Sasquatch Sunset

Sasquatch Sunset

Dialogue is one of the most overrated aspects of filmmaking.

Even in the Golden Age of silent film — during the reign of masters like Buster Keaton, Charlie Chaplin and Harold Lloyd — filmmakers were reluctant to add dialogue cards for fear of slowing the pace of the movie. Sometimes, even when a character was speaking, directors would omit dialogue cards because gestures and visual cues told audiences what they needed to know. Directors Nathan and David Zellner have taken this concept to the extreme in their latest, Sasquatch Sunset, in which characters communicate both comedy and tragedy entirely through grunts and gestures.

Deep in the North American wilderness lives a group of four sasquatches — played by Riley Keough, Jesse Eisenberg, Nathan Zellner and Christophe Zajac-Denek, all in heavy prosthetics. Over the course of four seasons, we follow them in their daily life as they search for others of their kind. And as their journey unfolds, we see signs of strange creatures in the woods: humans!

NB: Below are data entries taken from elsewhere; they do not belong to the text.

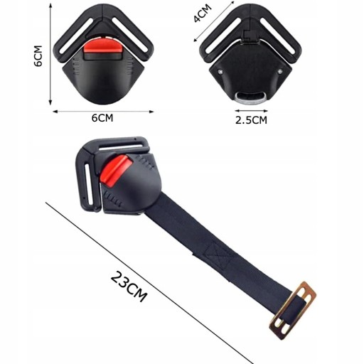 Długość całkowita wynosi 23cm, a szerokość klamry to 9cm. Górne otwory na pas mają szerokość 4cm, zapewniając wygodne dopasowanie do różnych rozmiarów pasa bezpieczeństwa dla dzieci.
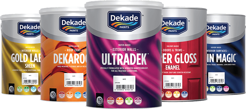 Manufactured using premium raw materials, quality forms the cornerstone of all our ranges, with Dekade’s flagship brands from our premium decorative coatings range, such as Gold Label Sheen, Gold Label Matt, Ultradek, Dekaroof, Dekatex, Dekalite (Masonry Paint), Satin Magic, acknowledged leaders in the local paint market.
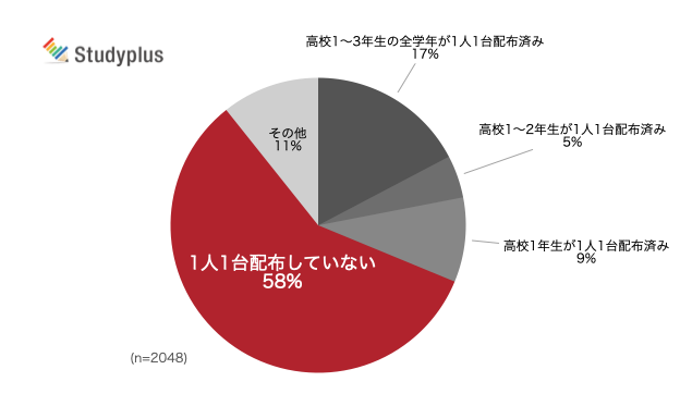 学習記録SNS「Studyplus」を運営するスタディプラス株式会社(東京・千代田区、廣瀬 高志 代表取締役)は、2021年4月23日〜5月7日の間に全国の高等学校の教科主任を対象として「1人1台端末」整備状況やデジタル教材の導入状況に関するアンケート調査を行い、2,048件の有効回答を得た。
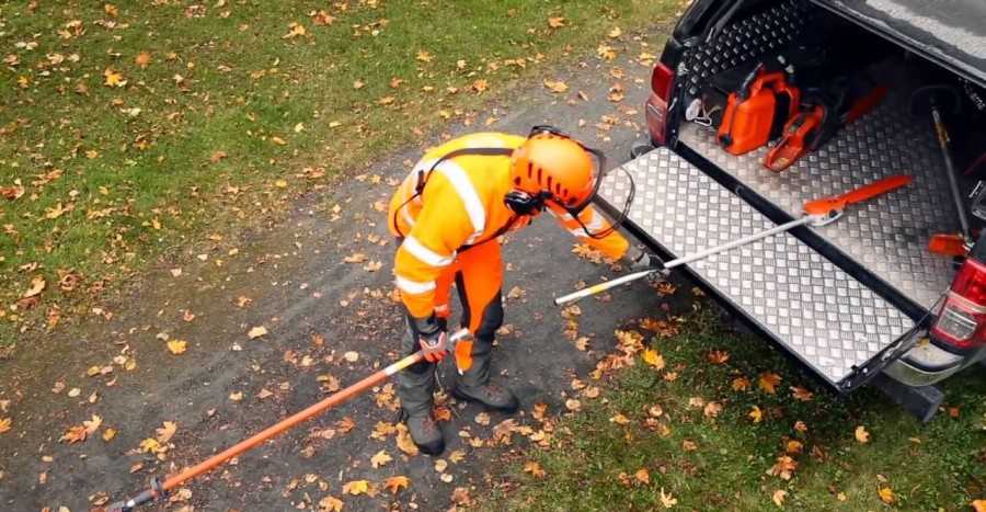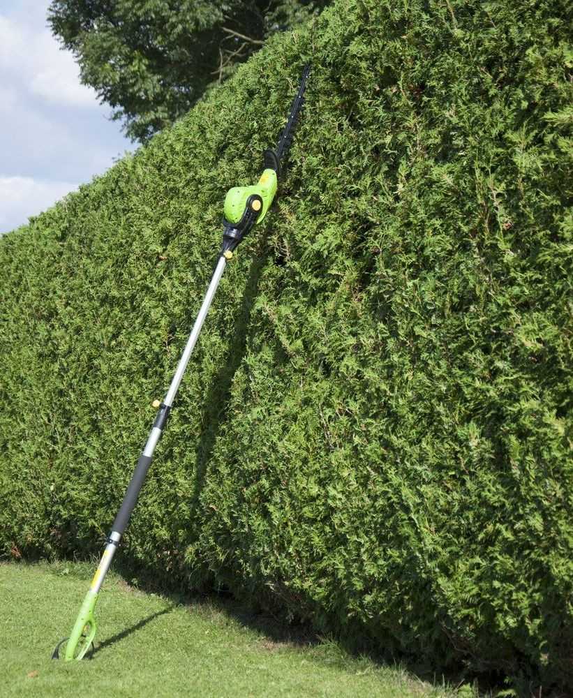 Высоторез позволяет с земли доставать до верхушек деревьев и высоких кустов, подрезая сухие ветки, которые нарушают композицию и нарушают привлекательность сада.

A bit of content warning: This movie is very gross. These mythic creatures produce every type of organic fluid imaginable throughout the film’s runtime. One scene became infamous during Sasquatch Sunset’s festival run: Our heroes urinate and defecate aggressively, which sent many viewers running toward the exit. That said, many remaining audience members gave the film a standing ovation when the credits rolled. And the gross-out humor is not without purpose. These moments serve to humanize these fantastic beasts and make them more relatable; after all, we humans all have our moments in the filth. There are fun scenes and various visual gags, including oddball scenes of the sasquatches using things found in nature in wacky ways, or the big-footed apes reacting to human technology for the first time. Some great editing, including comedically timed jump-cuts and long shots, help sell the joke. 

While many moments might leave you in stitches, the film might also leave you with a broken heart. Despite being a comedy, Sasquatch Sunset is also very depressing, portraying the negative consequences of human interaction with the natural world. When people go into the forest, they leave it a changed place. From pollution to deforestation, we are disrupting the natural order. As the movie stretches on, the comedy moves into the back seat as the gloomy environmental message becomes more dreary. These moments come off as a punch to the gut — similar to Studio Ghibli films like Pom Poko and Princess Mononoke. It’s an experience that will likely leave you questioning humans as a species and what we are doing to our world.

Sasquatch Sunset is definitely not a movie for everyone — its intense gross-out humor could lose you, and its dark turn has the potential to ruin your good time at the cinema. But those who can get on the Zellner brothers’ wavelength are in for a treat: one of the most odd and unique movies of the decade so far.